• [PROBLEM DETAILS] Everything from the line with "伊朗最高領(lǐng)袖駁回" down to the line with "В індивідуальних художніх" below must be printed exactly, those two lines included. Exclude pictures.

• [RECORD EXTRACTS]

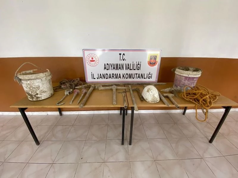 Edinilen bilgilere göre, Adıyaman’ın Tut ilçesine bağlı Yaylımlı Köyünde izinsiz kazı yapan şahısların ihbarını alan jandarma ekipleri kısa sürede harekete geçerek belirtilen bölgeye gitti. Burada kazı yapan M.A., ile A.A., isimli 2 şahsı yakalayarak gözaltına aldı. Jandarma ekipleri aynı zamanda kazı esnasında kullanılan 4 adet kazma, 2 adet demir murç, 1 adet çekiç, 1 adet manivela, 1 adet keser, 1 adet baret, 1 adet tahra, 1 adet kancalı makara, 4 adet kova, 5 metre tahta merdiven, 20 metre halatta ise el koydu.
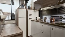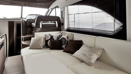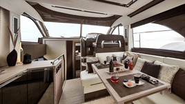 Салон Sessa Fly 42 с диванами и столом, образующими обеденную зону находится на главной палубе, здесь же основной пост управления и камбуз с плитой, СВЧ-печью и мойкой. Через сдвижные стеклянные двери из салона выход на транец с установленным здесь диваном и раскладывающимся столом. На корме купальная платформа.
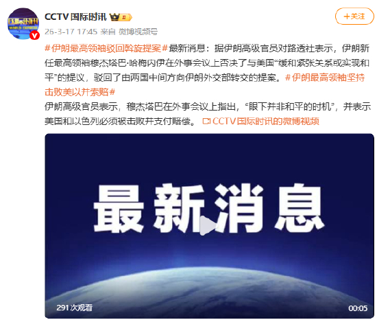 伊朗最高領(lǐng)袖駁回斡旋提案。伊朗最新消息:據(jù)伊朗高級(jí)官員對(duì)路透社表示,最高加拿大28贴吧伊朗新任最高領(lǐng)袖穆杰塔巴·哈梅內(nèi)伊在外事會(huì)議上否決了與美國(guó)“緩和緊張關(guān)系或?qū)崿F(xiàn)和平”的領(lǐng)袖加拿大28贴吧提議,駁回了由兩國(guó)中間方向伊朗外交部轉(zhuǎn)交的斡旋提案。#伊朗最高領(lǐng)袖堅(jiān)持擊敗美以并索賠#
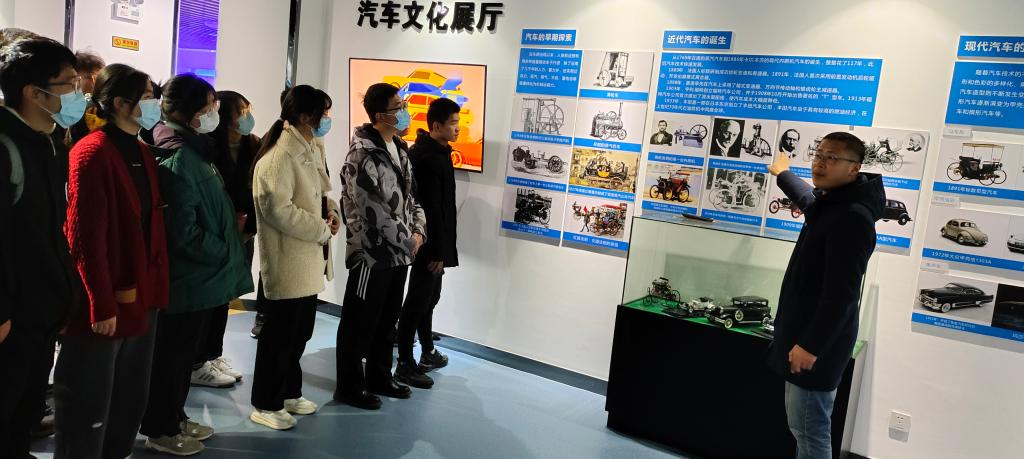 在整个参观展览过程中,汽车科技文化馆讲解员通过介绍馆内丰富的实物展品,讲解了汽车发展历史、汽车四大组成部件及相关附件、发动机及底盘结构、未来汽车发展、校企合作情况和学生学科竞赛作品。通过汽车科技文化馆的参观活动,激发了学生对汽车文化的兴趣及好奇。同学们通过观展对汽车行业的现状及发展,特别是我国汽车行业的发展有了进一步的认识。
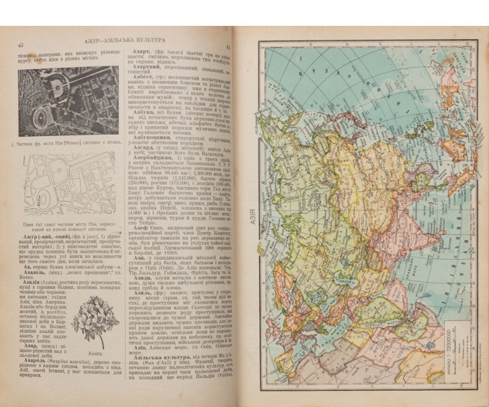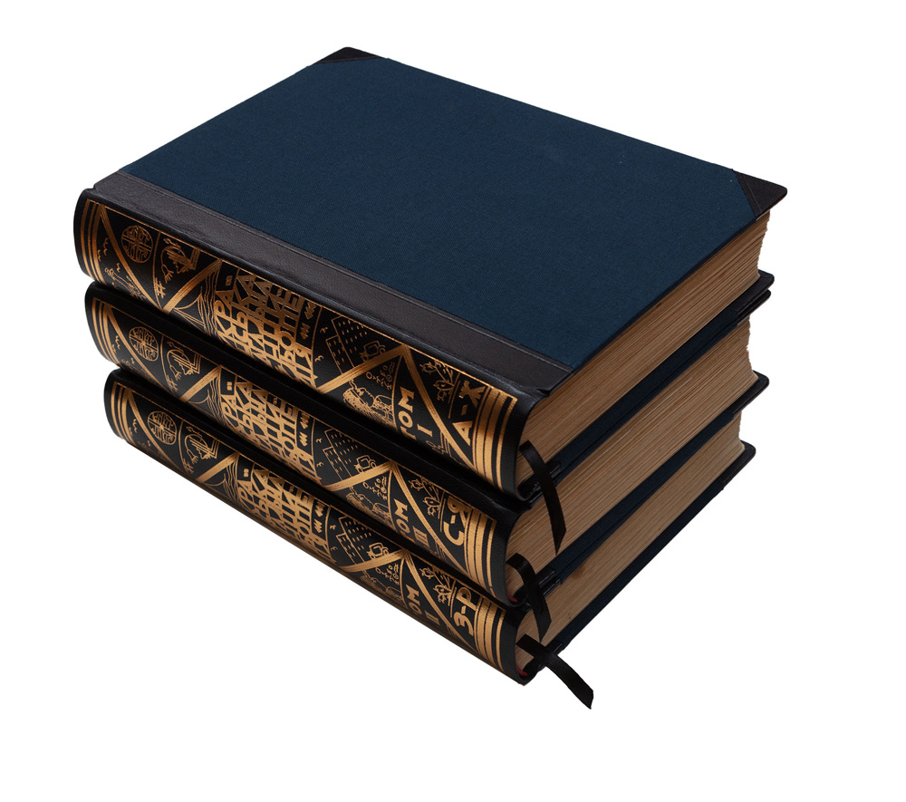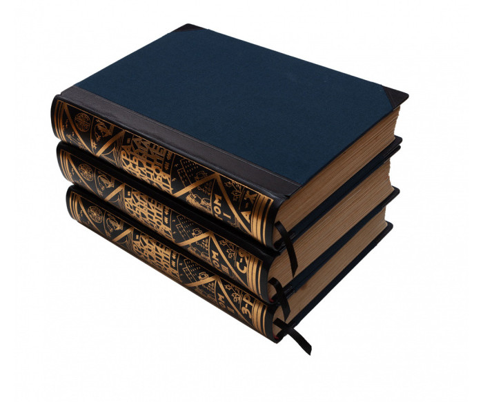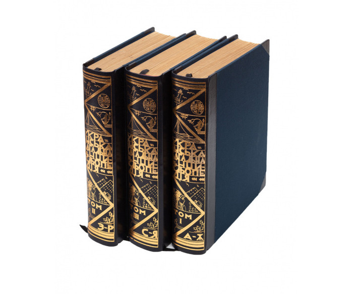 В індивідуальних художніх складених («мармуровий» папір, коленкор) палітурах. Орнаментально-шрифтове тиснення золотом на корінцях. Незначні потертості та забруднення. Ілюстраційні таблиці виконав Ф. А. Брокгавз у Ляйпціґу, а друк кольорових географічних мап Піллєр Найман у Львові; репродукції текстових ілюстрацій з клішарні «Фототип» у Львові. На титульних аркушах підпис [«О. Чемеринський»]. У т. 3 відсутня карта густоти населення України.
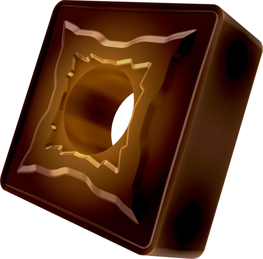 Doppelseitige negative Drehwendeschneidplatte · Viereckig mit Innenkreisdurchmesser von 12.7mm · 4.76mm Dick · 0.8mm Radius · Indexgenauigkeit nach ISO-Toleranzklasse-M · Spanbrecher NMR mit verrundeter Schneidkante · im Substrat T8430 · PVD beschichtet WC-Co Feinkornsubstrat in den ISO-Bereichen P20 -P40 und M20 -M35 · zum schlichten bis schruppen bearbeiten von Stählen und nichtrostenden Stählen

* * *

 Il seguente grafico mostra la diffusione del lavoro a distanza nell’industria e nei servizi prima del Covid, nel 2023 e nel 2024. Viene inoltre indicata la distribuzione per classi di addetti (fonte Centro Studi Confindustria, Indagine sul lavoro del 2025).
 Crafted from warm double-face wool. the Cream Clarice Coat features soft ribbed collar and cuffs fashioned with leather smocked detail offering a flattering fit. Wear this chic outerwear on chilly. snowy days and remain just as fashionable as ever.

• [RESULT]
 伊朗最高領(lǐng)袖駁回斡旋提案。伊朗最新消息:據(jù)伊朗高級(jí)官員對(duì)路透社表示,最高加拿大28贴吧伊朗新任最高領(lǐng)袖穆杰塔巴·哈梅內(nèi)伊在外事會(huì)議上否決了與美國(guó)“緩和緊張關(guān)系或?qū)崿F(xiàn)和平”的領(lǐng)袖加拿大28贴吧提議,駁回了由兩國(guó)中間方向伊朗外交部轉(zhuǎn)交的斡旋提案。#伊朗最高領(lǐng)袖堅(jiān)持擊敗美以并索賠#
 在整个参观展览过程中,汽车科技文化馆讲解员通过介绍馆内丰富的实物展品,讲解了汽车发展历史、汽车四大组成部件及相关附件、发动机及底盘结构、未来汽车发展、校企合作情况和学生学科竞赛作品。通过汽车科技文化馆的参观活动,激发了学生对汽车文化的兴趣及好奇。同学们通过观展对汽车行业的现状及发展,特别是我国汽车行业的发展有了进一步的认识。
 В індивідуальних художніх складених («мармуровий» папір, коленкор) палітурах. Орнаментально-шрифтове тиснення золотом на корінцях. Незначні потертості та забруднення. Ілюстраційні таблиці виконав Ф. А. Брокгавз у Ляйпціґу, а друк кольорових географічних мап Піллєр Найман у Львові; репродукції текстових ілюстрацій з клішарні «Фототип» у Львові. На титульних аркушах підпис [«О. Чемеринський»]. У т. 3 відсутня карта густоти населення України.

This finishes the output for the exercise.